Старик закончил петь, и раздались громкие крики «браво». «Otra! Otra!» – слышалось со всех сторон. Старик снискал ошеломляющий успех, особенно если учесть, какой строгой и взыскательной была собравшаяся здесь сегодня публика.
– Вот ему точно duende помог. Правда, мама? – обратилась Лусия к матери, когда ее снова опустили на землю. Но тут чья-то сильная рука схватила Марию за плечо. Она повернулась и увидела мужа.
– Куда вы запропастились? Я же велел ожидать меня возле Винных ворот. Поторопитесь! Мы выступаем через одного.
– Нас сюда толпой прибило, – стала объяснять Мария, крепко держа дочь за руку, пока они, ведомые Хозе, пробирались сквозь толпу поближе к сцене.
– Но, хвала богам, я вас нашел! Иначе бы наша затея полетела ко всем чертям. Спрячьтесь вон за тот кипарис, и приведи ей волосы в порядок, – приказал он жене. Между тем толпа снова взорвалась криками и аплодисментами, приветствуя очередного исполнителя. – Мне пора. Ну, моя крошка! – Хозе наклонился к дочери и взял ее маленькие ручки в свои. – Делай все так, как мы делали дома. Дождись четвертого аккорда, потом я крикну ‘Ole!’, и ты тут же прямо отсюда мчись на сцену.
– Папочка, я хорошо смотрюсь? – спросила у него Лусия, пока Мария снимала с нее накидку и расправляла шлейф, который дома предусмотрительно подколола к спинке платья.

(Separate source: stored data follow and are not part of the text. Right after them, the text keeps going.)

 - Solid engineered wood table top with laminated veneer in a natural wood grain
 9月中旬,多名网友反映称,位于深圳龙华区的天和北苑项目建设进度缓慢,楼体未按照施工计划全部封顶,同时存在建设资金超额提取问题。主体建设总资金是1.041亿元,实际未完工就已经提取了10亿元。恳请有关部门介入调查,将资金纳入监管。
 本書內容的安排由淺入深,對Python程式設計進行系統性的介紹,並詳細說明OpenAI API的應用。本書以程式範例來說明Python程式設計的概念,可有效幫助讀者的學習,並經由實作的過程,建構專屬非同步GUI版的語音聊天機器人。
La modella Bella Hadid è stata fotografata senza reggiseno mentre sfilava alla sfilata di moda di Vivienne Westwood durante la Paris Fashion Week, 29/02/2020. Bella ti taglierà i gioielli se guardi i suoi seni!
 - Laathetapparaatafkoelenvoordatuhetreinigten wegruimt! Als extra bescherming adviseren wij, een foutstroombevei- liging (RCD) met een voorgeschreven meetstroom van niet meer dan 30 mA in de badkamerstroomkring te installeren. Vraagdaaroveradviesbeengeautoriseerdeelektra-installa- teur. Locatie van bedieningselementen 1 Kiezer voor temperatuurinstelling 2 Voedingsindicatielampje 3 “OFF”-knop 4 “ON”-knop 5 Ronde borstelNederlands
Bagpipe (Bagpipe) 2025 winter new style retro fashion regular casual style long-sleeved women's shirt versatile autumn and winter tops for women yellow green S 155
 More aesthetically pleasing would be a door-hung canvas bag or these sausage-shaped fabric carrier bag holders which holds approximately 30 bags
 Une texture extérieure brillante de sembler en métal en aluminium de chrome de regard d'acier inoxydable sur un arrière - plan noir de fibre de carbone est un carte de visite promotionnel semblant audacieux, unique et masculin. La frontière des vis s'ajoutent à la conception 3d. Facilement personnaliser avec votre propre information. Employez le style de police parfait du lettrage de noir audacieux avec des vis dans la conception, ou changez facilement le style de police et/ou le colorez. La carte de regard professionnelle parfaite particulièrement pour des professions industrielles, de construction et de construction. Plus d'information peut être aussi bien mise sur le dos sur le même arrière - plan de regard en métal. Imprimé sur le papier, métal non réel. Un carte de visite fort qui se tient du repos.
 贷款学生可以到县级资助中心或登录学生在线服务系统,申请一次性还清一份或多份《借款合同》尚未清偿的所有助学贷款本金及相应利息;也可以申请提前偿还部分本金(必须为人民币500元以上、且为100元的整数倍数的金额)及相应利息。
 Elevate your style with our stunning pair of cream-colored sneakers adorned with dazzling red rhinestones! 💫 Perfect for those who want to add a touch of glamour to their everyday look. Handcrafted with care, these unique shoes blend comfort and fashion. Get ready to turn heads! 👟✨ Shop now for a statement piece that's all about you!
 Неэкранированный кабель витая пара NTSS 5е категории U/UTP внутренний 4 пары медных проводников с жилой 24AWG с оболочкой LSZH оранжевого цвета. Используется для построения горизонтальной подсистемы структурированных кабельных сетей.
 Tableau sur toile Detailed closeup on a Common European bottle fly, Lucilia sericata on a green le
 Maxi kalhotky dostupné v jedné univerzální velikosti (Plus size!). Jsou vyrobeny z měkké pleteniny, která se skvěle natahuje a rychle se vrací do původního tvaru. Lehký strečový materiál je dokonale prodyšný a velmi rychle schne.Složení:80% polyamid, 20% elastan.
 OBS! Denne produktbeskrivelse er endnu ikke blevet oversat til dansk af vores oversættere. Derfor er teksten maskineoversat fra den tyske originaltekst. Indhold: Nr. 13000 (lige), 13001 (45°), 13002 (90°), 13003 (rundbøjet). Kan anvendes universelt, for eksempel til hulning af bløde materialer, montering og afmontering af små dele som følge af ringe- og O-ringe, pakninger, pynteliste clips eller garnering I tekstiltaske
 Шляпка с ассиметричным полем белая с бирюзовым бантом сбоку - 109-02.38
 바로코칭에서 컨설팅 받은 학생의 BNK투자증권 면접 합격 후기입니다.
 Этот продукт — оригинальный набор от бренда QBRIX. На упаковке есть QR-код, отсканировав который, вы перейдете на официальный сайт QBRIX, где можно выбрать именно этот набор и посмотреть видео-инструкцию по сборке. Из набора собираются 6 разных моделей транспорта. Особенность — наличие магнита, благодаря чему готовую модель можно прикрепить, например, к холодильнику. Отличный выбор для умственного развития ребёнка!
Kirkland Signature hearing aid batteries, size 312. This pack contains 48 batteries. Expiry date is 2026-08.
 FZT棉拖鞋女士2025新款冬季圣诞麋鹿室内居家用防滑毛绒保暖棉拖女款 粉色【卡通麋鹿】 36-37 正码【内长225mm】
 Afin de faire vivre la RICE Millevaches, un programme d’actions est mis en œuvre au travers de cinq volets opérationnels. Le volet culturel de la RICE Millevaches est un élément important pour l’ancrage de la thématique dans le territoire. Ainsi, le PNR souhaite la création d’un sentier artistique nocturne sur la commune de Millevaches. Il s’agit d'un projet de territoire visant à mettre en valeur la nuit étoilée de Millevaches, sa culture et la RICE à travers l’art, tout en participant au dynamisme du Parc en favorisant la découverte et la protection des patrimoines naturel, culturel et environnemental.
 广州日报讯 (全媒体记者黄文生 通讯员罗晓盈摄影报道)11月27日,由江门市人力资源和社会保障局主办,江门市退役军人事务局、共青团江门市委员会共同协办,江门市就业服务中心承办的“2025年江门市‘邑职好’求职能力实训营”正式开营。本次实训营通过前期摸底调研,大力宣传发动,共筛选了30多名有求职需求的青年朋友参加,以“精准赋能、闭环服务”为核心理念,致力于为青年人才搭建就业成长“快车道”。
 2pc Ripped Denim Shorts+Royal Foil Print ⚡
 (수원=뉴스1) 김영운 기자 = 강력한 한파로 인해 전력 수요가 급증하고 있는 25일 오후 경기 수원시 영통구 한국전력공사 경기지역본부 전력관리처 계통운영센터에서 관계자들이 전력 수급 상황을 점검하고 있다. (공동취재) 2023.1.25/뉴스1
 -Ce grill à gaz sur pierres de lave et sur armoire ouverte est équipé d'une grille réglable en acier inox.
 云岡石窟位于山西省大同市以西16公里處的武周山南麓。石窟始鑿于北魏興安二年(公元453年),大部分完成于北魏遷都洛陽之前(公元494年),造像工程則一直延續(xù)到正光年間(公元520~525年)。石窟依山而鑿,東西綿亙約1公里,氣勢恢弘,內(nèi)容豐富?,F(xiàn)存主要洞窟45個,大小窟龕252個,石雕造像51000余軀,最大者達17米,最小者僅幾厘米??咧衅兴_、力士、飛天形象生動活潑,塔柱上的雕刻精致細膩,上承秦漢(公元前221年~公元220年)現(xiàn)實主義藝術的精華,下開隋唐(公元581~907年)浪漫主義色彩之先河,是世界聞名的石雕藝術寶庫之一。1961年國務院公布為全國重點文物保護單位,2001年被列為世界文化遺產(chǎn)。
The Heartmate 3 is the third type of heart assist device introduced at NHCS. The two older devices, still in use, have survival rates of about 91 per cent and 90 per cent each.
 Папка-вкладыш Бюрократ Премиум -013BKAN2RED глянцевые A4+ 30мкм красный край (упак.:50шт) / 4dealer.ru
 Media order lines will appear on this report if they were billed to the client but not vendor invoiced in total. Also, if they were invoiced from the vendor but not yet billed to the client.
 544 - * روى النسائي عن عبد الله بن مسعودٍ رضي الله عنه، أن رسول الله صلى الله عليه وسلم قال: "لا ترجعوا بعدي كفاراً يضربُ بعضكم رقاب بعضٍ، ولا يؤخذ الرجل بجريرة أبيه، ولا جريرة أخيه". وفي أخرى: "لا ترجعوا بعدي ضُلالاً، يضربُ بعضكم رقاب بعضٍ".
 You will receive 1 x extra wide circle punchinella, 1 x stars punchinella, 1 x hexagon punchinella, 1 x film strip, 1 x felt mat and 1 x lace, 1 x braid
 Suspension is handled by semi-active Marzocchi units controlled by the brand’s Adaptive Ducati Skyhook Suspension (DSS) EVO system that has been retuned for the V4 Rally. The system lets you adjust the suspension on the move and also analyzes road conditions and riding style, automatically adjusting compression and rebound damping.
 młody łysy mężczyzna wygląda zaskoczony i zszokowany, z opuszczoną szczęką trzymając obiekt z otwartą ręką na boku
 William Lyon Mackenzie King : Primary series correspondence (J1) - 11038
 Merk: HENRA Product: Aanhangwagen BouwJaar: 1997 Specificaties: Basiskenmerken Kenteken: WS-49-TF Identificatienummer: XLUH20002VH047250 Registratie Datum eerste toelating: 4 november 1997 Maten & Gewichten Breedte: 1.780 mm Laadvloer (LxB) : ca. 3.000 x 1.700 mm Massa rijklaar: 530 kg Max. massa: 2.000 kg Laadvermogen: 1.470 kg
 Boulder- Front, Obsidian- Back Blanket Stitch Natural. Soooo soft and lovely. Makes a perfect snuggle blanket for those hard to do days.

Но Хозе уже устремился к сцене.
Сердце Марии забилось в такт музыке, звучавшей со сцены, а сама она в этот момент, объятая страхом, думала лишь об одном: уж не сразила ли ее супруга какая-нибудь душевная болезнь? Не сошел ли он с ума ненароком, вообразив, что его план может сработать? Здесь и сейчас. Она глянула на свою маленькую дочурку, понимая, что если у девочки – не дай бог! – сдадут нервы, а потом ее свистом и улюлюканьем прогонят со сцены, то она тут же превратится в посмешище не только в своем родном Сакромонте. Все цыгане Испании станут смеяться над ней.